Datasurveyor can be install via pip. As always, use of a project-level virtual environment is recommended. Note: Datasurveyor requires Python >= 3.6.

$ pip install datasurveyor

Using Datasurveyor

To demonstrate the tools available in datasurveyor, let's use a Pandas DataFrame named df.

	id	name	state	platform	app_inst	lylty	spend
0	1	Nick	WA	ios	True	0	0
1	2	Gina	OR	android	True	1	nan
2	3	Rob	WA	ios	False	0	10
3	4	Adam	ID	web	True	1	150
4	5	Hanna	WA	ios	True	1	12
5	6	Susan	Null	android	False	0	0
6	7	Quentin	WA	ios	True	1	nan
7	8	Caitlyn	unknown	web	True	0	8
8	9	Matt	WA	web	True	1	50
9	10	Nick	WA	ios	True	0	-10

A data dictionary for df is below.

column	dtype	description
id	int64	unique customer identifier
name	object	customer name
state	object	state of residence
platform	object	system platform
app_inst	bool	app installation flag
lylty	int64	loyalty program flag
spend	float64	total customer spend

Binary features

Description

The methods within BinaryFeatures are intended for use with binary data (data with two possible values).
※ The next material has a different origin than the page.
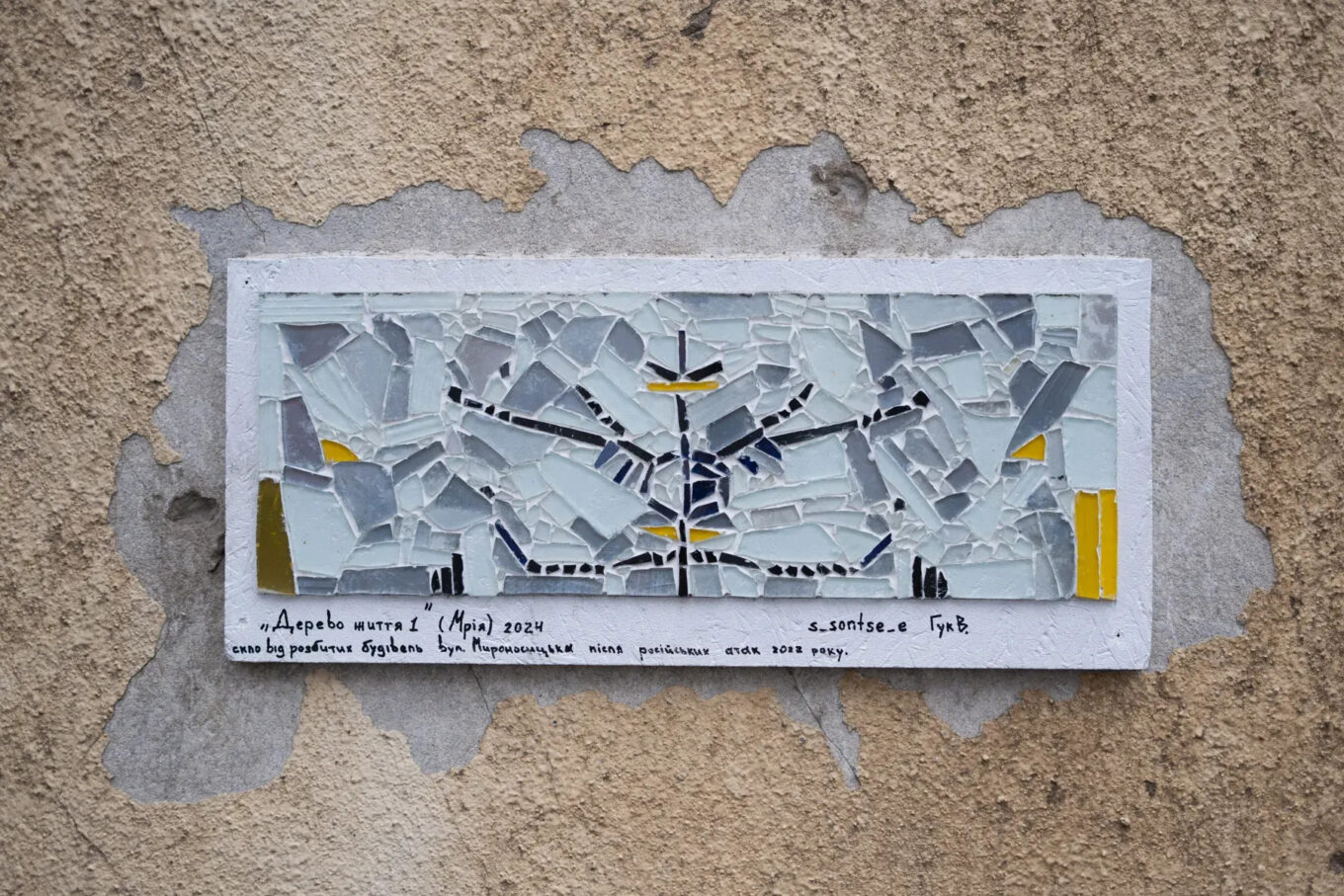 “Дерево життя 2” (Око війни), 2024. Мозаїка розташована на вул. Квітки-Основ’яненка,13. Фото: Юрій Каплюченко

Datasurveyor expects binary features to be stored as bools or integers (with values of 0 or 1). In the example data, app_inst and lylty are binary features.

Importing BinaryFeatures

The binary feature tools can be imported with the command below.

from datasurveyor import BinaryFeatures as BF

Checking if all values the same

The check_all_same method can be used to check if binary features contain exclusively the same value. This method can be applied to a single binary feature or a collection of binary features.

BF.check_all_same(df['app_inst'])

	all_same
0	False

BF.check_all_same(df[['app_inst', 'lylty']])

	column	all_same
0	app_inst	False
1	lylty	False

Checking if values are mostly the same

The check_mostly_same method can be used to check if binary features contain mostly the same value (default threshold 95%). This method can be applied to a single binary feature or a collection of binary features.

BF.check_mostly_same(df['app_inst'])

	mostly_same	thresh	mean
0	False	0.95	0.8

BF.check_mostly_same(df[['app_inst', 'lylty']])

	column	mostly_same	thresh	mean
0	app_inst	False	0.95	0.8
1	lylty	False	0.95	0.5

The user can specify whatever threshold is appropriate for their usecase. If thresh=0.7 is applied, the method will flag features with at least 70% the same value.

BF.check_mostly_same(df['app_inst'], thresh=0.7)

	mostly_same	thresh	mean
0	True	0.7	0.8

BF.check_mostly_same(df[['app_inst', 'lylty']], thresh=0.7)

	column	mostly_same	thresh	mean
0	app_inst	True	0.7	0.8
1	lylty	False	0.7	0.5

Checking the range

The check_outside_range method can be used to detect features with data outside the expected range of 0 and 1. Note that the outside of range condition is only possible for binary features encoded as integer data type.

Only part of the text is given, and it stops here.